** TASK OBJECTIVE **
What you give back from the listing below should be an exact copy of the lines from the one with "核心组件Keystone、G" down to the one with "Women's Summer Female", and it should contain no pictures.

** DATA FOR PROCESSING **

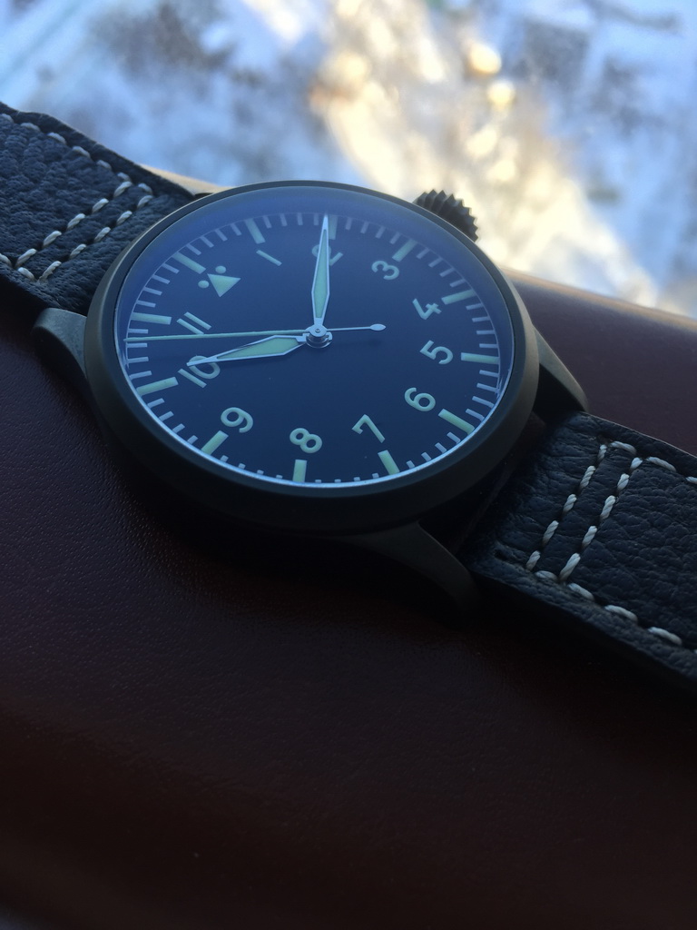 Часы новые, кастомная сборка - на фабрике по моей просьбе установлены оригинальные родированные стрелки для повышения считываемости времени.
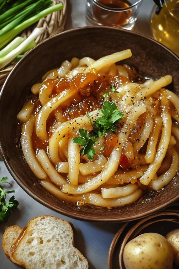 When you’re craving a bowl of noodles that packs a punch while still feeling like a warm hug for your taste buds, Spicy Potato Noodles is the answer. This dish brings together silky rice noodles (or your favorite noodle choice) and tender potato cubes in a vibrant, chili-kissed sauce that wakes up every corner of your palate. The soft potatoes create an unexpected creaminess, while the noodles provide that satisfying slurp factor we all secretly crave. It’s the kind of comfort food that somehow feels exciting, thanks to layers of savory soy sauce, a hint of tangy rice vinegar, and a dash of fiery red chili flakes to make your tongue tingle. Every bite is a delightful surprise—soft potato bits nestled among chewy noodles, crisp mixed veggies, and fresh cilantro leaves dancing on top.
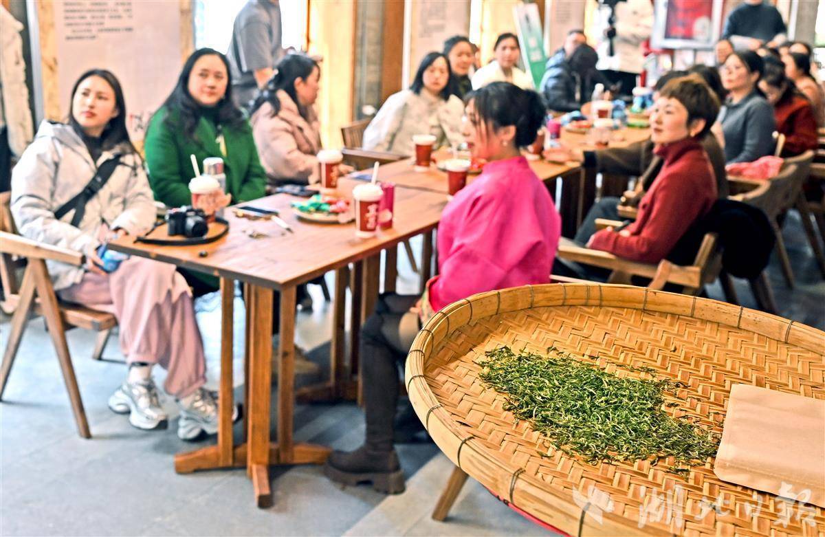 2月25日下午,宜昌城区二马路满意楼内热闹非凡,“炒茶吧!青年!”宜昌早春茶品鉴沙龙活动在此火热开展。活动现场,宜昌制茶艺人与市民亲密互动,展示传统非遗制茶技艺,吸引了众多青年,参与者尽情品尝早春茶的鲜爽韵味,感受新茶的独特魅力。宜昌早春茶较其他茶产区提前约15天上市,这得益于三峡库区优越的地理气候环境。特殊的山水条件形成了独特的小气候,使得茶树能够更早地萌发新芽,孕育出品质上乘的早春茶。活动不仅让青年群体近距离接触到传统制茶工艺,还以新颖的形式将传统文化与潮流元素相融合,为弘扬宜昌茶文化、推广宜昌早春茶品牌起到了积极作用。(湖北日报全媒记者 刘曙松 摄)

--

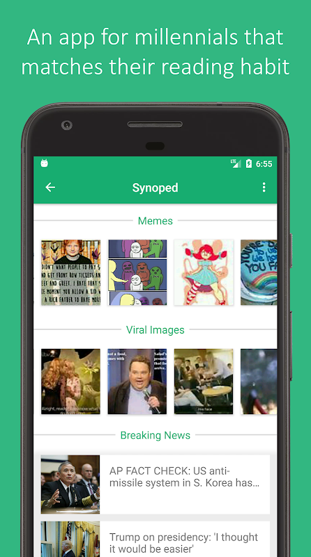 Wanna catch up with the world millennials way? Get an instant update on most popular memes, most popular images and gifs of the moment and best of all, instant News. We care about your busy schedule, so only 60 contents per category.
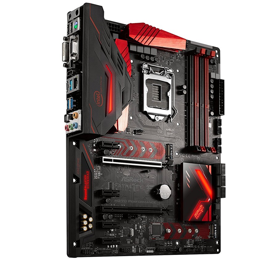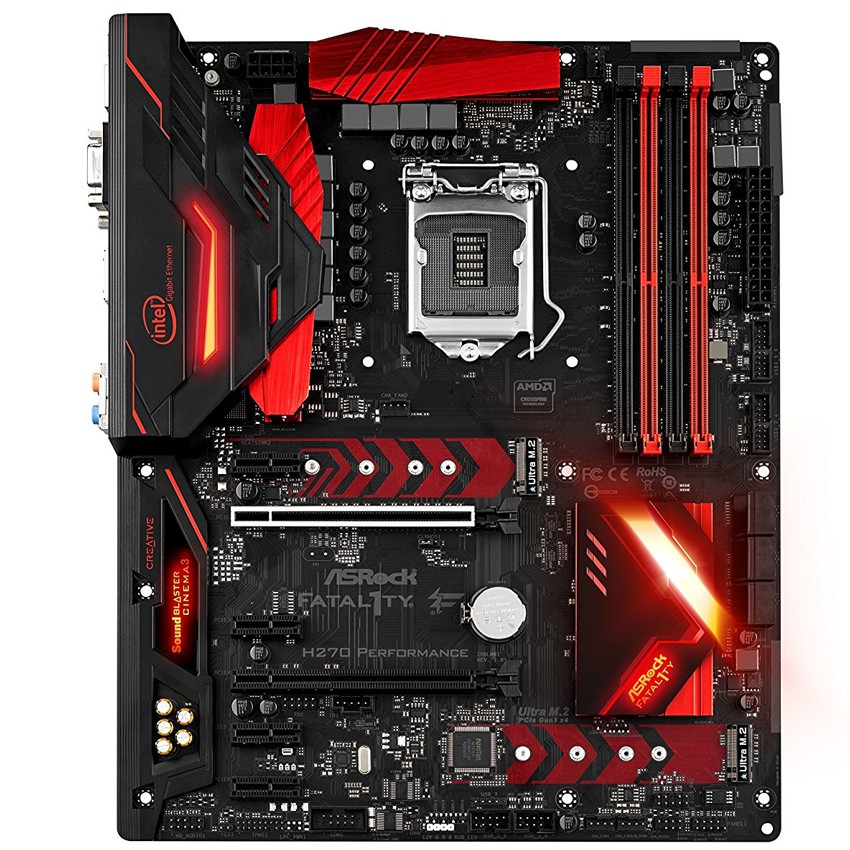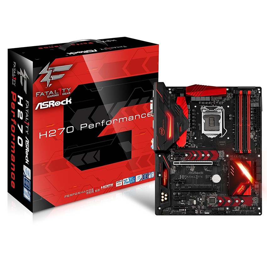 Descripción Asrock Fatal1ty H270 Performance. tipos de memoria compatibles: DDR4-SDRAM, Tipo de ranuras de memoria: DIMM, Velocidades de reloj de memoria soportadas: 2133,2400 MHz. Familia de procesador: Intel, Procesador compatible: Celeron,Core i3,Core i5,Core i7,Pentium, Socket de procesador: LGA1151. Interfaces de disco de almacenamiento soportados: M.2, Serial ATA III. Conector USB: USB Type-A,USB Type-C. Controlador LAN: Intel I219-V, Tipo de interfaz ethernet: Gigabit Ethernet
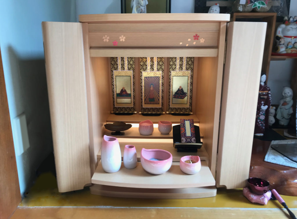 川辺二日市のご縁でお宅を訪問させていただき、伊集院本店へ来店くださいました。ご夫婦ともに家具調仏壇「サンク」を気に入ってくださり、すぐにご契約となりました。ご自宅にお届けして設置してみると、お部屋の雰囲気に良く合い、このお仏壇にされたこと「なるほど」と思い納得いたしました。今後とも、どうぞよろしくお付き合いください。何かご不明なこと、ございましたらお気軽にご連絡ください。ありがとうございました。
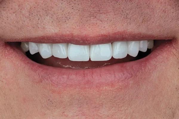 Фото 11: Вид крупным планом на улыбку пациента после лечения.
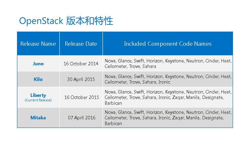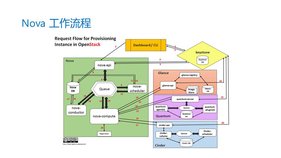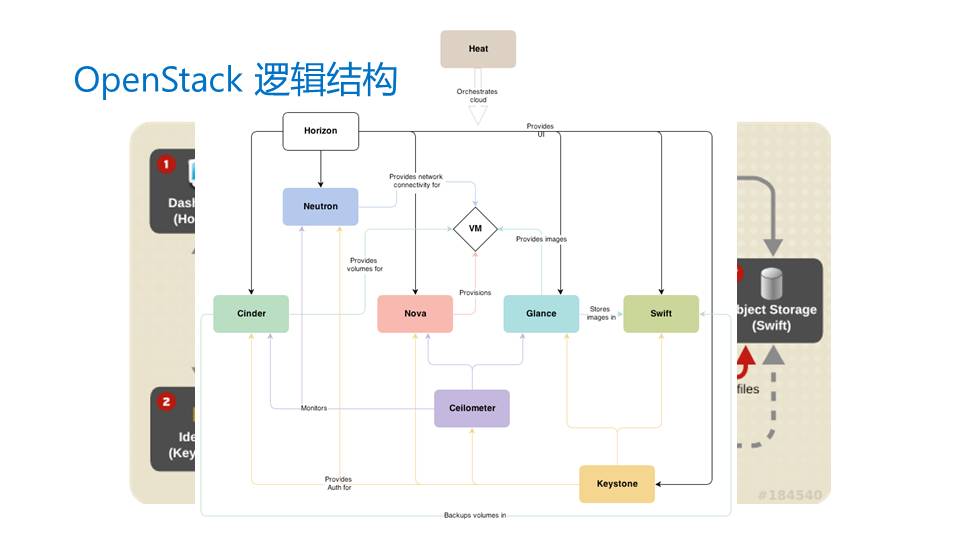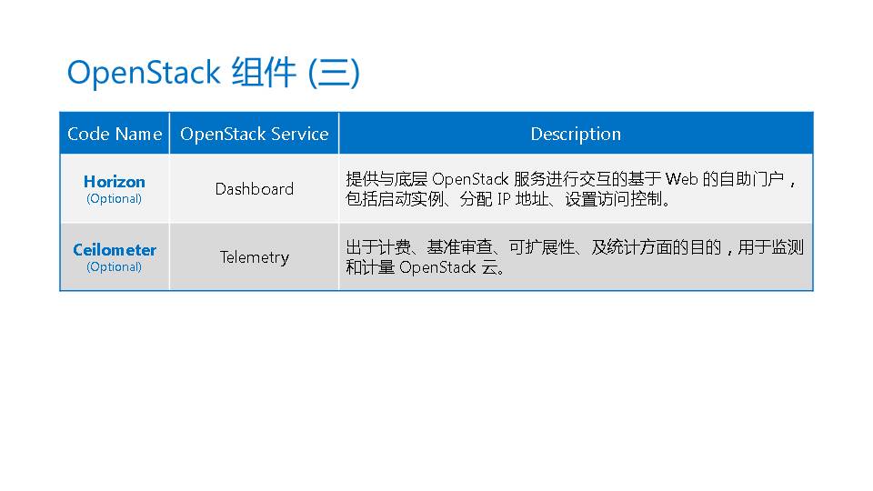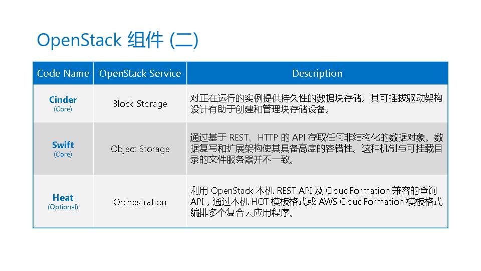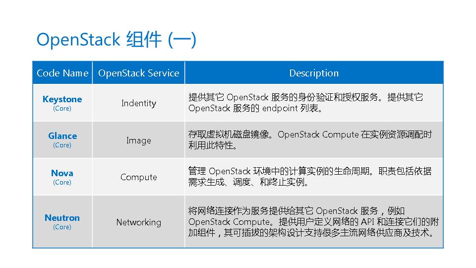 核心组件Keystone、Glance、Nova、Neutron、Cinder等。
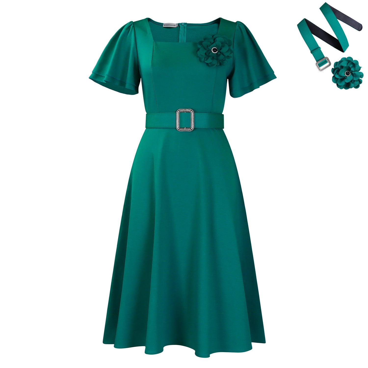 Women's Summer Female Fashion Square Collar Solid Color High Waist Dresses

** TASK ANSWER **
 核心组件Keystone、Glance、Nova、Neutron、Cinder等。
 Women's Summer Female Fashion Square Collar Solid Color High Waist Dresses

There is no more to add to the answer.